GORILLAZ - Plastic Beach
Damon Albarn's Gorillaz project always seemed like the sort of tossed-off idea that was destined to succumb to the laws of diminishing returns. Conceived as a 'cartoon band' with artist Jamie Hewlett, their debut was a well-done slice of bubblegum-noir hip-hop/pop, but no one was confusing songs like "Clint Eastwood" for more than a bit of fun. That follow-up Demon Days was actually better was a bit of a surprise, but Albarn's prowess as a songwriter and growing success as a collaborator has helped to rationalize this lark's unexpected longevity. There's no natural law to explain away the incredible Plastic Beach, though. Were we wrong about Gorillaz all along?
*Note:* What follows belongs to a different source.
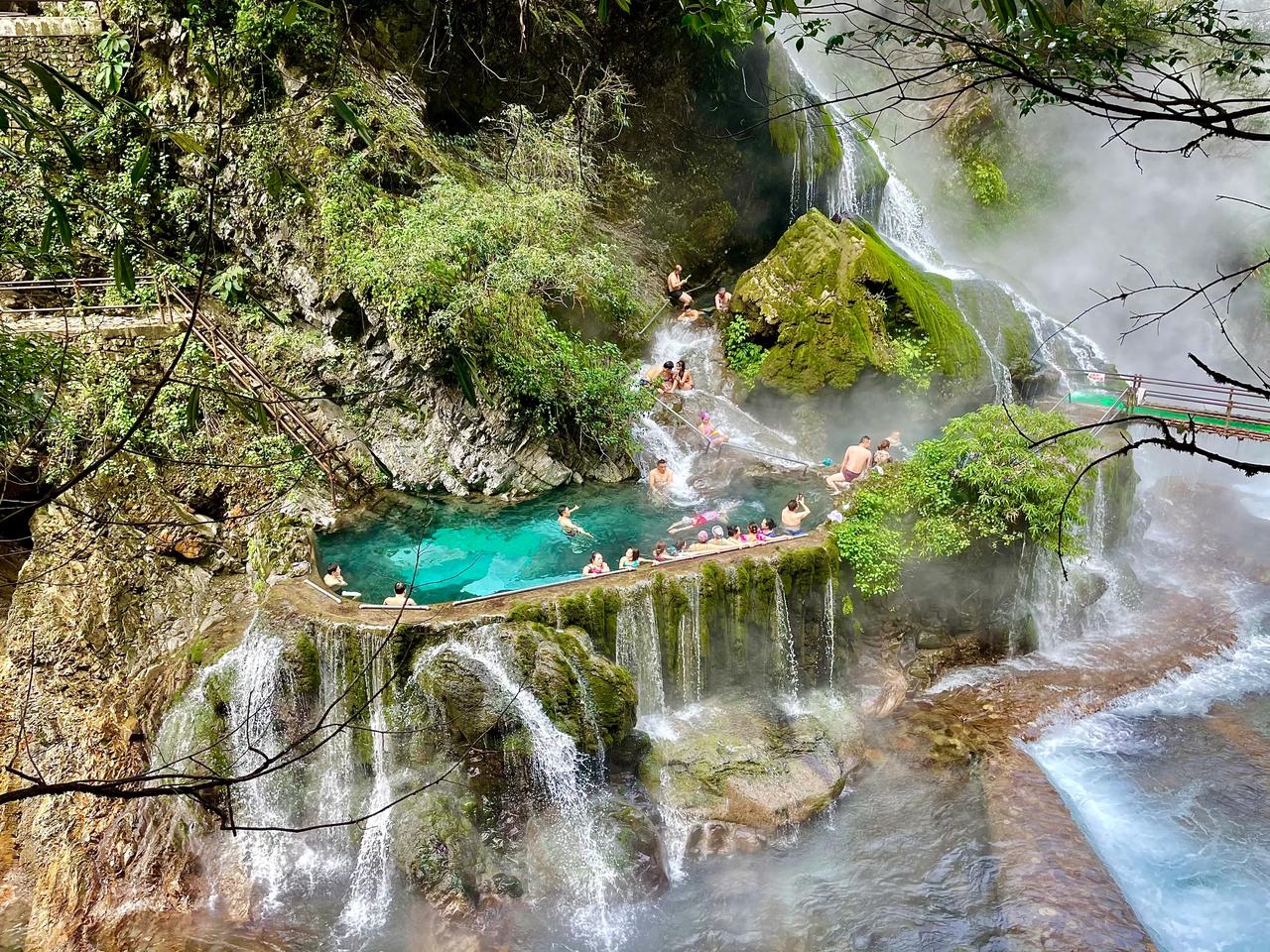 世界上最大的天然温泉瀑布 位于凉山州普格县螺髻山 就是这个天来稍微有些凉 但在瀑布下泡汤♨️真的太爽了 #螺髻山九十九里瀑布温泉#

From a personality whose peak time in Blur revolved around a giant public ego and spotlight-chewing confidence, Albarn has evolved into a secret composer and aural stage director of the highest order. If his Chinese opera Monkey (another terrific collaboration with Hewlett) suggested this metamorphosis was underway, Plastic Beach announces its completion with the best album he has made under any name since Blur's penultimate masterpiece, 13.
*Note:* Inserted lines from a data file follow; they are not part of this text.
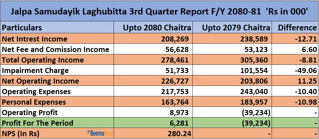 इम्पेरमेन्ट चार्ज घटेसँगै जाल्पा सामुदायिक लघुवित्तको नाफा धनात्मक
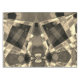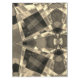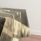 Impreso con rectángulos y cuadrados irregulares, algunos alineados, pero inclinados. En los colores marrón claro, madera o beige, con tonos oscuros y manchas que pueden causar la percepción de terciopelo hecho con brillo, y algunas líneas que separan los "objetos".
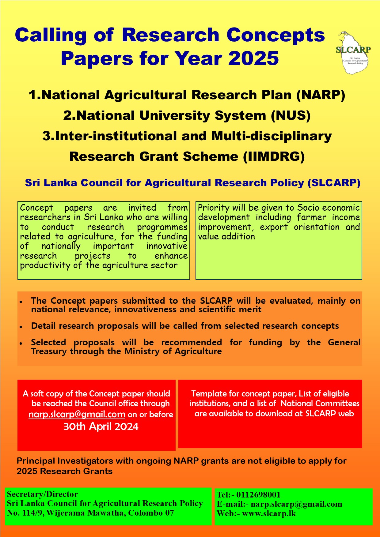 Calling for Research Concept Papers for National Agricultural Research Plan (NARP) Grants for Year 2025
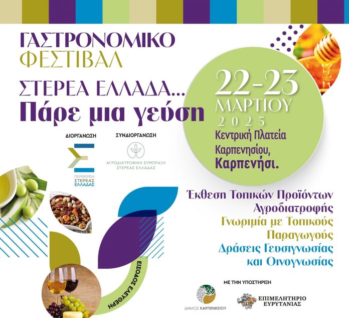 H Περιφέρεια Στερεάς Ελλάδας και η Αγροδιατροφική Σύμπραξη Στερεάς Ελλάδας διοργανώνουν στις 22 και 23 Μαρτίου στο Καρπενήσι το Γαστρονομικό Φεστιβάλ Προϊόντων «ΣΤΕΡΕΑ ΕΛΛΑΔΑ…ΠΑΡΕ ΜΙΑ ΓΕΥΣΗ. Το 2μερο Φεστιβάλ έχει σαν στόχο να αποτελέσει πόλο έλξης για πλήθος επισκεπτών, καθώς το πρόγραμμα περιλαμβάνει επιδείξεις παρασκευής παραδοσιακών συνταγών από την Περιφέρεια Στερεάς Ελλάδας και άλλα δρώμενα.

It's a record that bears the fruit of a decade spent schooling himself mostly in hiding—behind the cartoons of Gorillaz; within the "nameless" supergroup that made the album The Good, the Bad, and the Queen; buried under a world of archival music with his Honest Jon's label. For what are still very accessible tunes, Plastic Beach is stunningly multilingual and complex. Part of the fun is a guest list that manages to include Lou Reed, Mark E. Smith of The Fall, Paul Simonon, Mick Jones, De La Soul, Super Furry Animal Gruff Rhys, Bobby Womack, the Lebanese Orchestra for Oriental Arabic Music, and Swedish pop group Little Dragon (amongst still more), and the project makes perfect use of all of them. Whether mining Chinese scales, soul, krautrock, electro, psychedelia or hip hop for inspiration, Albarn shifts gears effortlessly. His choices—ones that in the past would betray themselves more obviously as detours—are now never for the sheer shock of something, but are instead always for the enriched interest of the song.
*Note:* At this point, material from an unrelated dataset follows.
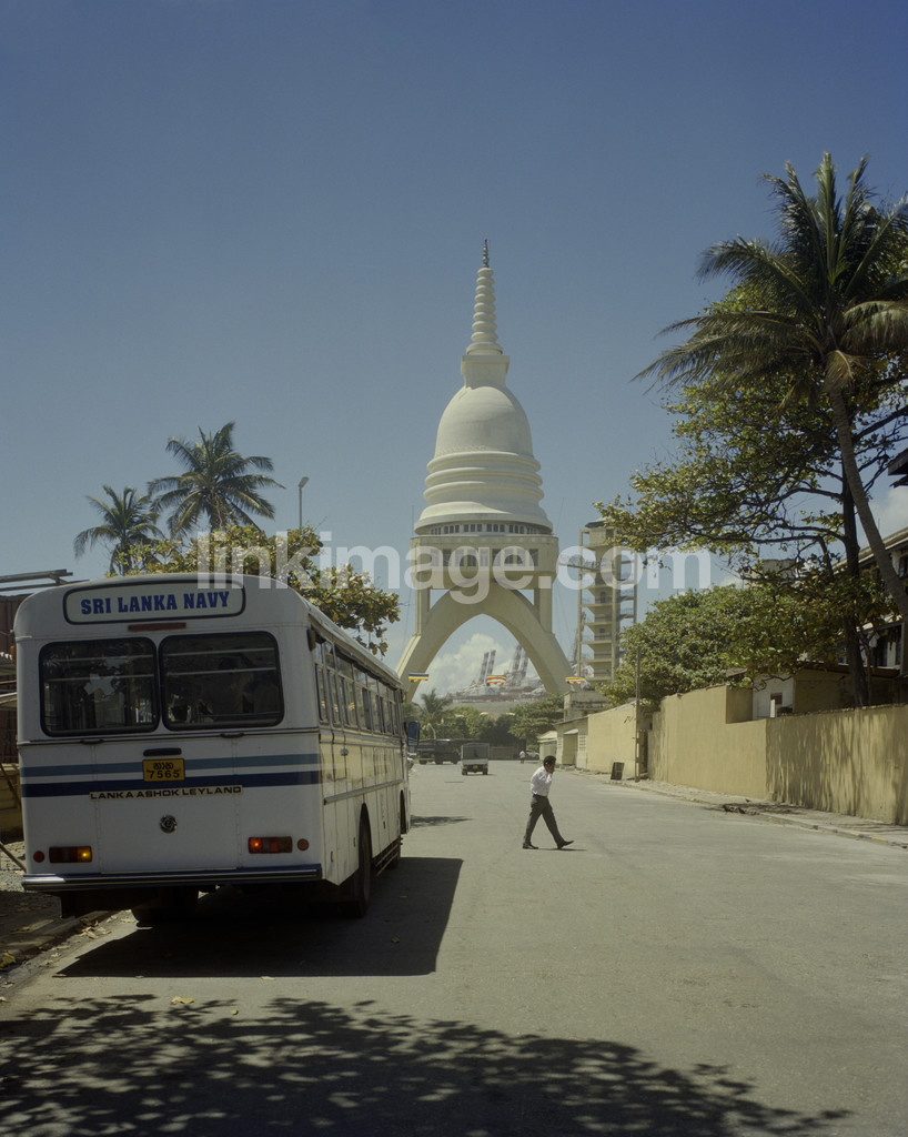 bus, building, navy, buildings, go, goes, palms, shadow, shadows, carriage, road, heat, plants

In a recent decade that has seen the indie elite embracing whole chunks of previously unacceptable genres and artists—Timberlake, Lady Gaga, neo-soul, Gwen Stefani, and so on—this record represents an important salvo from the other side to keep the dialogue balanced. A thoroughly uncompromising and esoteric adventure that can still worm its way on to the iPods of a generation for whom even Blur's ubiquitous arena anthem "Song 2" is an unknown quantity, Plastic Beach is one Trojan horse of a pop album.